> What is expected
Please return every line of the material verbatim and skip any images.
=== Data supplied ===
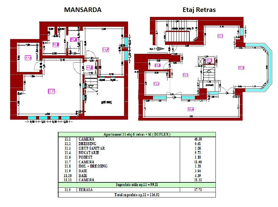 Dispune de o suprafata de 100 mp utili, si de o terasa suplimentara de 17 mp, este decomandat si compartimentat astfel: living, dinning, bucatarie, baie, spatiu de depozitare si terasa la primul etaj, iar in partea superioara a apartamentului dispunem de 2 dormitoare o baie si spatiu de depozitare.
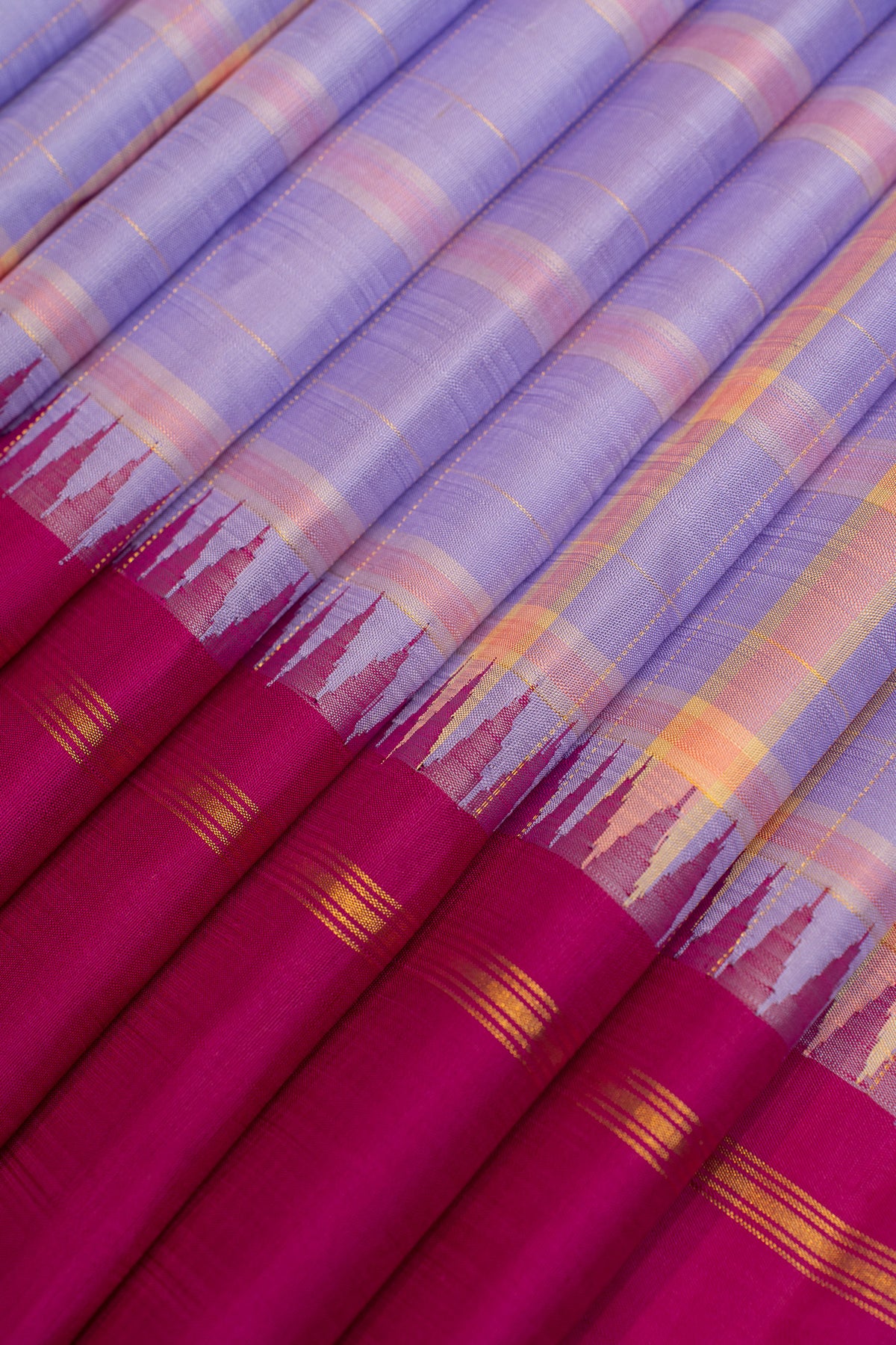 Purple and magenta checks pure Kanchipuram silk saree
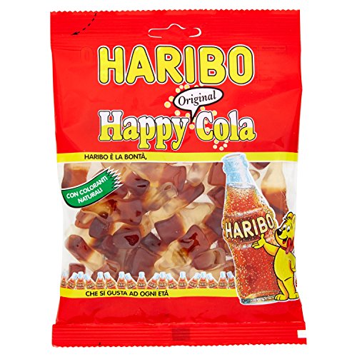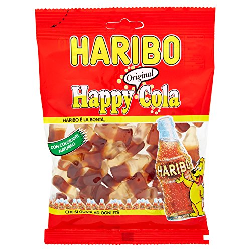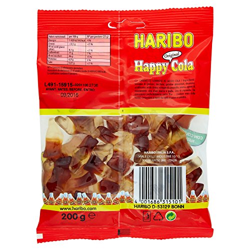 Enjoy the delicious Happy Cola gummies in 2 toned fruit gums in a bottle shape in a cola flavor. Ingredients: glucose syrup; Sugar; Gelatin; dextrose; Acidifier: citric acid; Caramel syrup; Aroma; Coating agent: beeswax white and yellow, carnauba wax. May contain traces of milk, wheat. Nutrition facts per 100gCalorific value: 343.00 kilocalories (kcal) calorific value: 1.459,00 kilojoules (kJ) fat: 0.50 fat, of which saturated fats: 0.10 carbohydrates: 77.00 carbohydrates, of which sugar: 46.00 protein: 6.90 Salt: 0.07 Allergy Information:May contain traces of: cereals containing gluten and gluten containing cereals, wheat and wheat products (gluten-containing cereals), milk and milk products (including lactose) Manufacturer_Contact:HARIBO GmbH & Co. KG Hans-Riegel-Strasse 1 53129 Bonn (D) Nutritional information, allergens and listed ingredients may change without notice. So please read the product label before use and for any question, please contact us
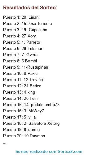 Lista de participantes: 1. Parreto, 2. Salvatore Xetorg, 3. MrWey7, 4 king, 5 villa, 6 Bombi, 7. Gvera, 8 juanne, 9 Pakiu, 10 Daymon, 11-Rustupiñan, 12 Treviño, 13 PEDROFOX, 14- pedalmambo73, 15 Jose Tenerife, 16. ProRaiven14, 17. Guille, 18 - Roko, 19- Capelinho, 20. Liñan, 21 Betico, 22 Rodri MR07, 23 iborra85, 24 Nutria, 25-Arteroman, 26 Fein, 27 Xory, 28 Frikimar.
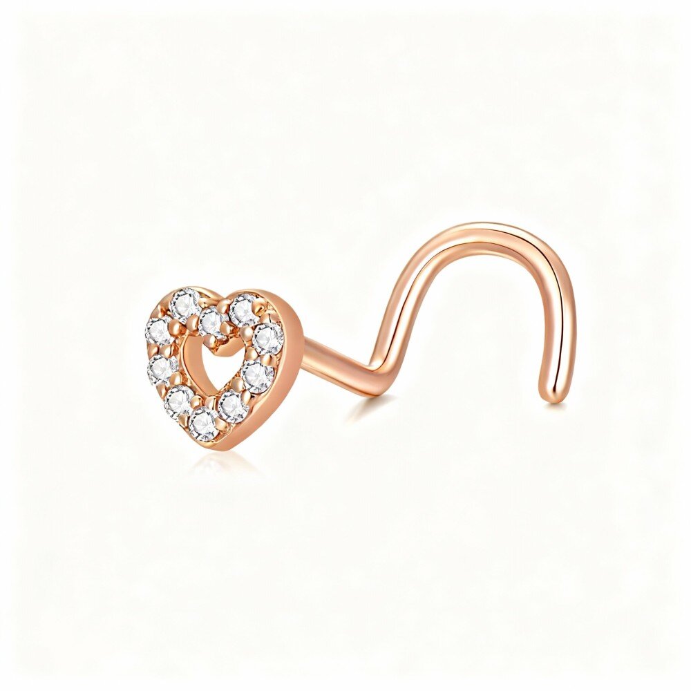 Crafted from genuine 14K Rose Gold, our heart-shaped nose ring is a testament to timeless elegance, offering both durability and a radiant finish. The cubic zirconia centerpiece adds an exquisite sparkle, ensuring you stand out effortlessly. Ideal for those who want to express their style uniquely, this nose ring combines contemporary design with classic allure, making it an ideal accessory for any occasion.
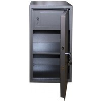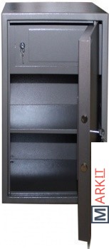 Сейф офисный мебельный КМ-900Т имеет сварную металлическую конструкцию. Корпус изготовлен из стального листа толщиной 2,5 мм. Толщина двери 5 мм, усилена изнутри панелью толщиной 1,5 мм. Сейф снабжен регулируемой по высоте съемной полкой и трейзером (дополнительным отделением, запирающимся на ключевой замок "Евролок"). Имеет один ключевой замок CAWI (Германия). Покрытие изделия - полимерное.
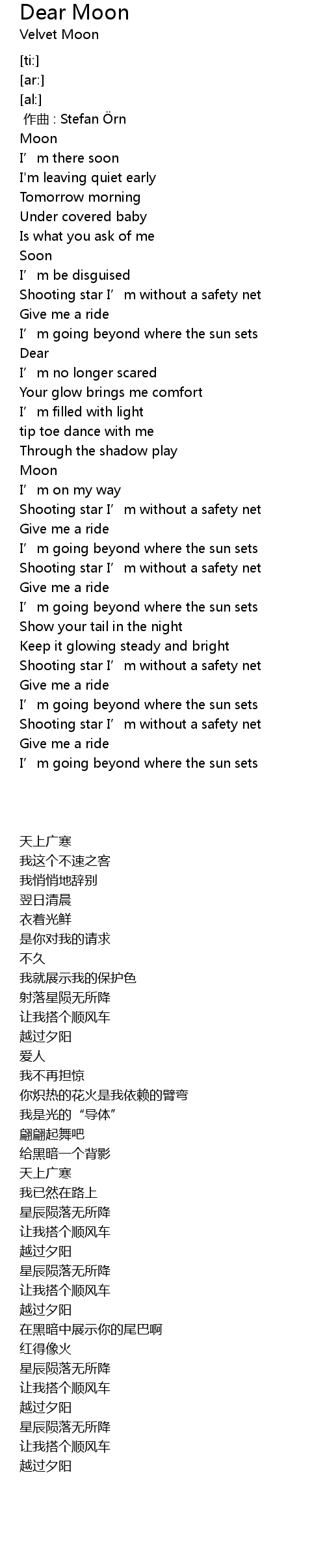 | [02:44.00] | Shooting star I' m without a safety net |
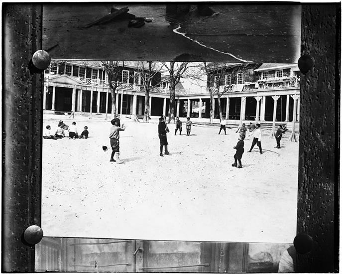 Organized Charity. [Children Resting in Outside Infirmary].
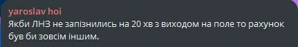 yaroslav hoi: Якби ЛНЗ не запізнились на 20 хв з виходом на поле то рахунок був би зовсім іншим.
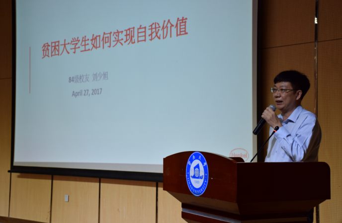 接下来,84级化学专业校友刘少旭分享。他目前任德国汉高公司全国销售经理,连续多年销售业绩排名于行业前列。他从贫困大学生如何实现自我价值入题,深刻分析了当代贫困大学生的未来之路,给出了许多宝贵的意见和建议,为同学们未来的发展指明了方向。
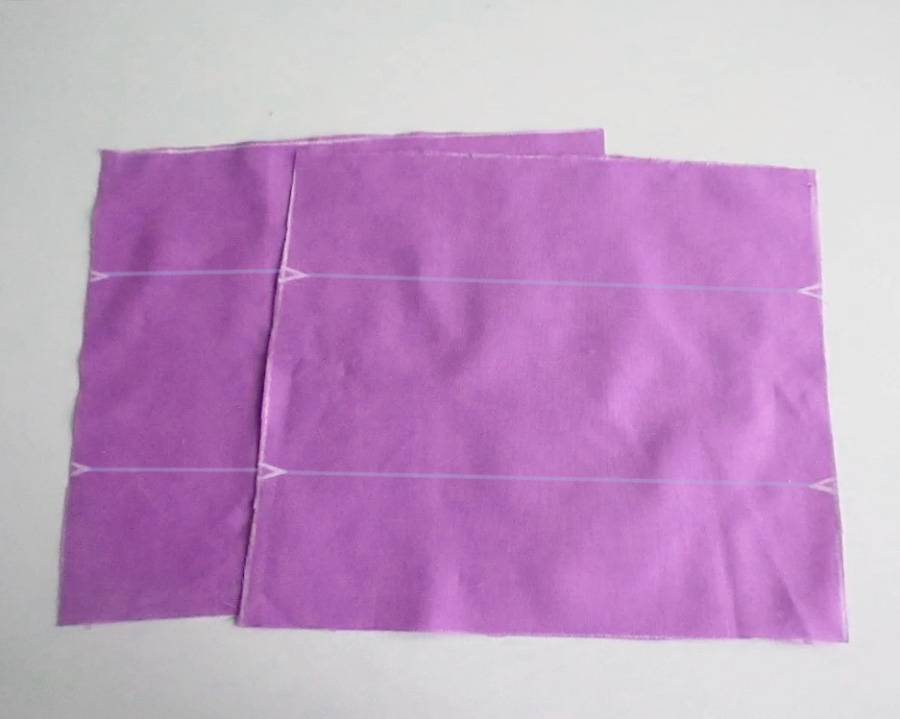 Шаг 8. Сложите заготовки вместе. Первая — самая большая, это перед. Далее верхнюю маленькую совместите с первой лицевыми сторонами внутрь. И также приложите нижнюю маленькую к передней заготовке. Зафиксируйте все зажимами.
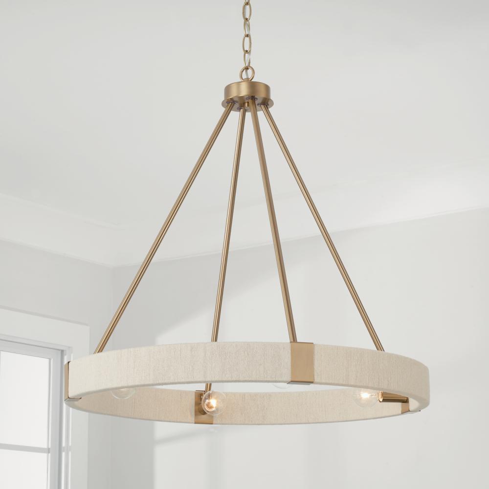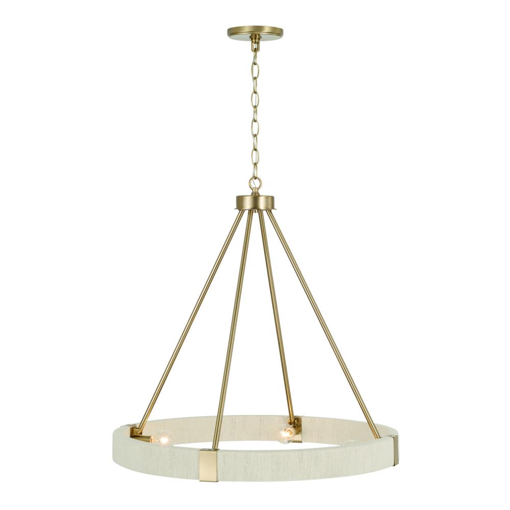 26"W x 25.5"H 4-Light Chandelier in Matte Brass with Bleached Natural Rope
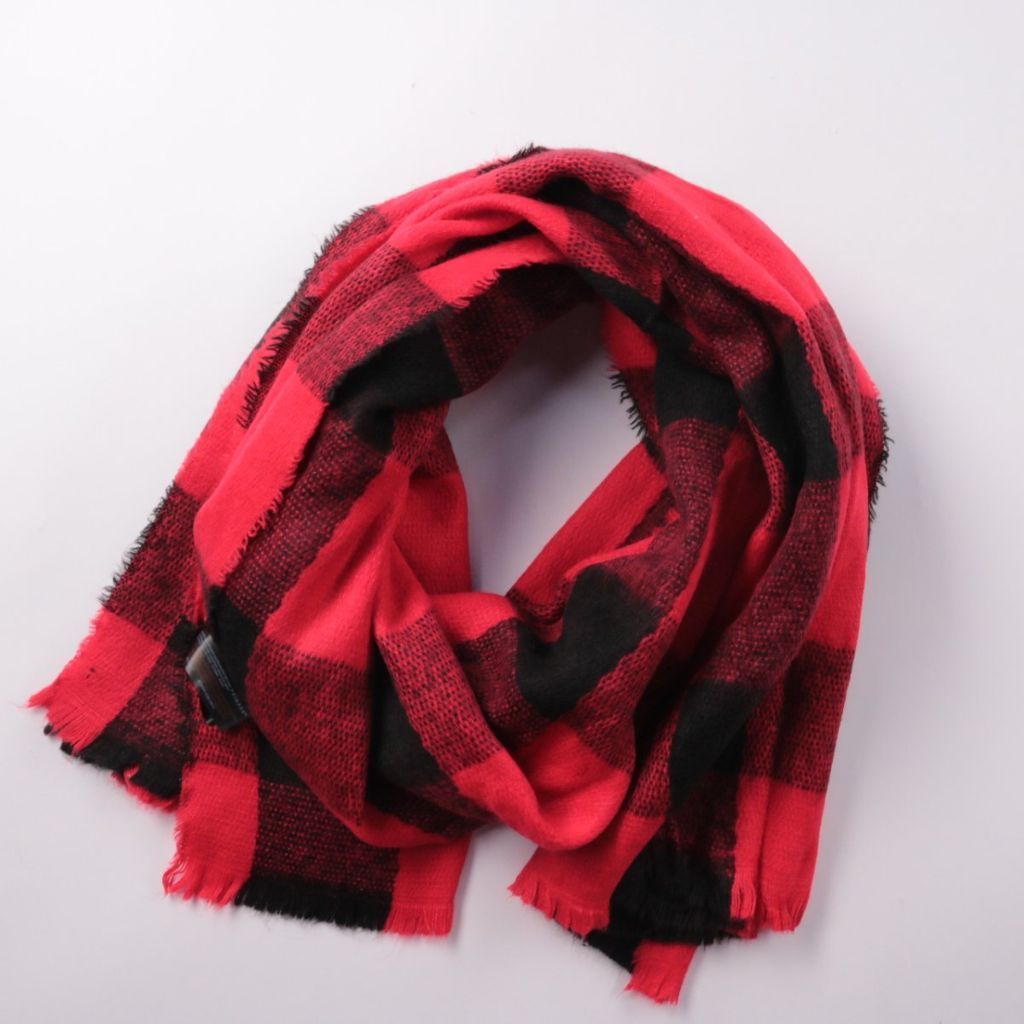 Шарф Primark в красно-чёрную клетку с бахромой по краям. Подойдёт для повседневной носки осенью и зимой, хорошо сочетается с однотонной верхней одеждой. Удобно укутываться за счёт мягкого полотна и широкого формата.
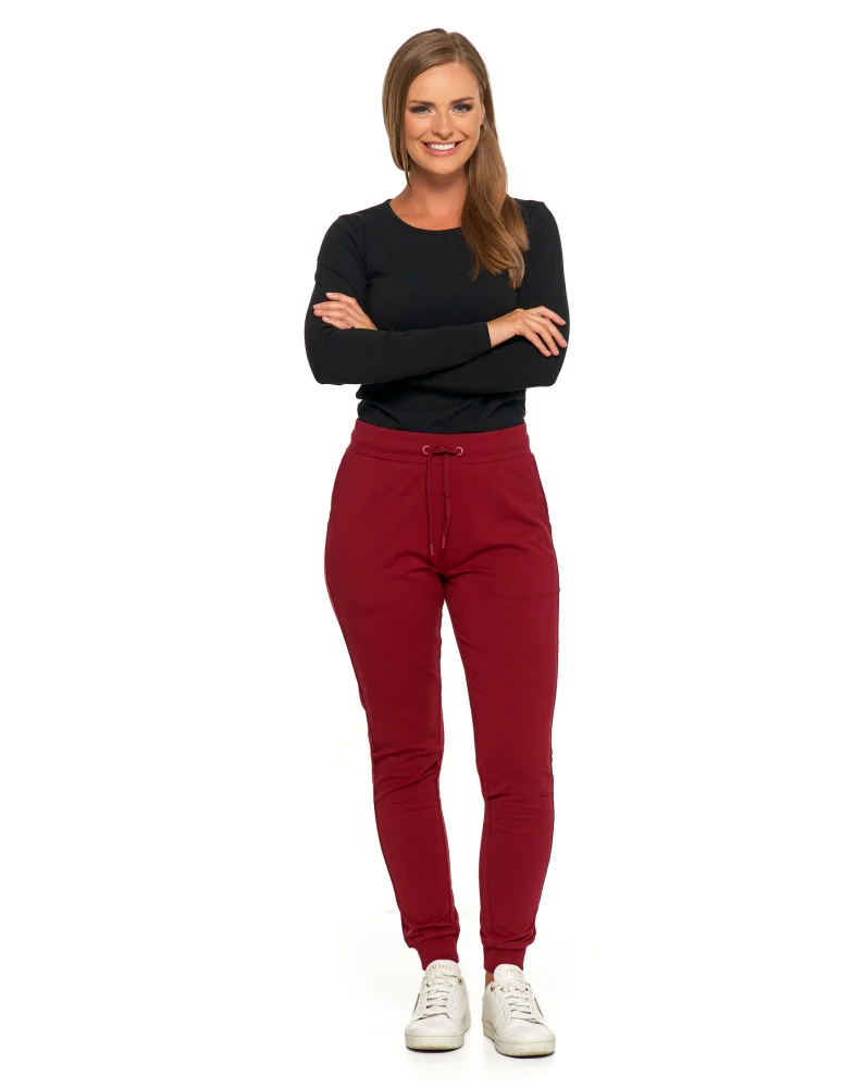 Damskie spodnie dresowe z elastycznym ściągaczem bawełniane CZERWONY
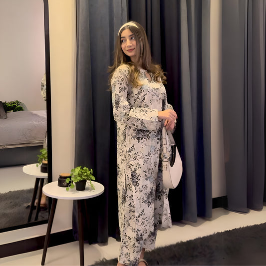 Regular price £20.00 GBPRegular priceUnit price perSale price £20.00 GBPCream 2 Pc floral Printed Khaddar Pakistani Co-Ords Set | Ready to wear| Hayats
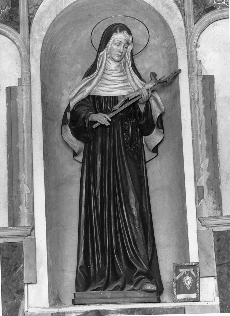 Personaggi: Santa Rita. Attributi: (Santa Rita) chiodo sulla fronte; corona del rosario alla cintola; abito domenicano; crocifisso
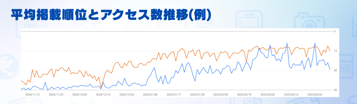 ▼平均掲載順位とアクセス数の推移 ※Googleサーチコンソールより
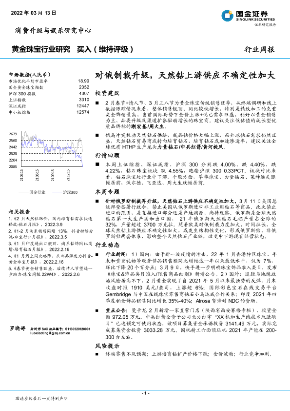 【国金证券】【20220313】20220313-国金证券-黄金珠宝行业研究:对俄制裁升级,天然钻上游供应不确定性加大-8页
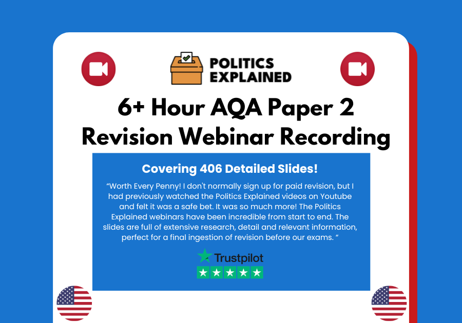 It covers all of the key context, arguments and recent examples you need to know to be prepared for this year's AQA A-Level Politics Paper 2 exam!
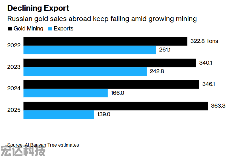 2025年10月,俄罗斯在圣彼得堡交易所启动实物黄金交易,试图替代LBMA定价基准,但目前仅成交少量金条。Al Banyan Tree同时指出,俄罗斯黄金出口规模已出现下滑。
===
> Task response
 Dispune de o suprafata de 100 mp utili, si de o terasa suplimentara de 17 mp, este decomandat si compartimentat astfel: living, dinning, bucatarie, baie, spatiu de depozitare si terasa la primul etaj, iar in partea superioara a apartamentului dispunem de 2 dormitoare o baie si spatiu de depozitare.
 Purple and magenta checks pure Kanchipuram silk saree
 Enjoy the delicious Happy Cola gummies in 2 toned fruit gums in a bottle shape in a cola flavor. Ingredients: glucose syrup; Sugar; Gelatin; dextrose; Acidifier: citric acid; Caramel syrup; Aroma; Coating agent: beeswax white and yellow, carnauba wax. May contain traces of milk, wheat. Nutrition facts per 100gCalorific value: 343.00 kilocalories (kcal) calorific value: 1.459,00 kilojoules (kJ) fat: 0.50 fat, of which saturated fats: 0.10 carbohydrates: 77.00 carbohydrates, of which sugar: 46.00 protein: 6.90 Salt: 0.07 Allergy Information:May contain traces of: cereals containing gluten and gluten containing cereals, wheat and wheat products (gluten-containing cereals), milk and milk products (including lactose) Manufacturer_Contact:HARIBO GmbH & Co. KG Hans-Riegel-Strasse 1 53129 Bonn (D) Nutritional information, allergens and listed ingredients may change without notice. So please read the product label before use and for any question, please contact us
 Lista de participantes: 1. Parreto, 2. Salvatore Xetorg, 3. MrWey7, 4 king, 5 villa, 6 Bombi, 7. Gvera, 8 juanne, 9 Pakiu, 10 Daymon, 11-Rustupiñan, 12 Treviño, 13 PEDROFOX, 14- pedalmambo73, 15 Jose Tenerife, 16. ProRaiven14, 17. Guille, 18 - Roko, 19- Capelinho, 20. Liñan, 21 Betico, 22 Rodri MR07, 23 iborra85, 24 Nutria, 25-Arteroman, 26 Fein, 27 Xory, 28 Frikimar.
 Crafted from genuine 14K Rose Gold, our heart-shaped nose ring is a testament to timeless elegance, offering both durability and a radiant finish. The cubic zirconia centerpiece adds an exquisite sparkle, ensuring you stand out effortlessly. Ideal for those who want to express their style uniquely, this nose ring combines contemporary design with classic allure, making it an ideal accessory for any occasion.
 Сейф офисный мебельный КМ-900Т имеет сварную металлическую конструкцию. Корпус изготовлен из стального листа толщиной 2,5 мм. Толщина двери 5 мм, усилена изнутри панелью толщиной 1,5 мм. Сейф снабжен регулируемой по высоте съемной полкой и трейзером (дополнительным отделением, запирающимся на ключевой замок "Евролок"). Имеет один ключевой замок CAWI (Германия). Покрытие изделия - полимерное.
 | [02:44.00] | Shooting star I' m without a safety net |
 Organized Charity. [Children Resting in Outside Infirmary].
 yaroslav hoi: Якби ЛНЗ не запізнились на 20 хв з виходом на поле то рахунок був би зовсім іншим.
 接下来,84级化学专业校友刘少旭分享。他目前任德国汉高公司全国销售经理,连续多年销售业绩排名于行业前列。他从贫困大学生如何实现自我价值入题,深刻分析了当代贫困大学生的未来之路,给出了许多宝贵的意见和建议,为同学们未来的发展指明了方向。
 Шаг 8. Сложите заготовки вместе. Первая — самая большая, это перед. Далее верхнюю маленькую совместите с первой лицевыми сторонами внутрь. И также приложите нижнюю маленькую к передней заготовке. Зафиксируйте все зажимами.
 26"W x 25.5"H 4-Light Chandelier in Matte Brass with Bleached Natural Rope
 Шарф Primark в красно-чёрную клетку с бахромой по краям. Подойдёт для повседневной носки осенью и зимой, хорошо сочетается с однотонной верхней одеждой. Удобно укутываться за счёт мягкого полотна и широкого формата.
 Damskie spodnie dresowe z elastycznym ściągaczem bawełniane CZERWONY
 Regular price £20.00 GBPRegular priceUnit price perSale price £20.00 GBPCream 2 Pc floral Printed Khaddar Pakistani Co-Ords Set | Ready to wear| Hayats
 Personaggi: Santa Rita. Attributi: (Santa Rita) chiodo sulla fronte; corona del rosario alla cintola; abito domenicano; crocifisso
 ▼平均掲載順位とアクセス数の推移 ※Googleサーチコンソールより
 【国金证券】【20220313】20220313-国金证券-黄金珠宝行业研究:对俄制裁升级,天然钻上游供应不确定性加大-8页
 It covers all of the key context, arguments and recent examples you need to know to be prepared for this year's AQA A-Level Politics Paper 2 exam!
 2025年10月,俄罗斯在圣彼得堡交易所启动实物黄金交易,试图替代LBMA定价基准,但目前仅成交少量金条。Al Banyan Tree同时指出,俄罗斯黄金出口规模已出现下滑。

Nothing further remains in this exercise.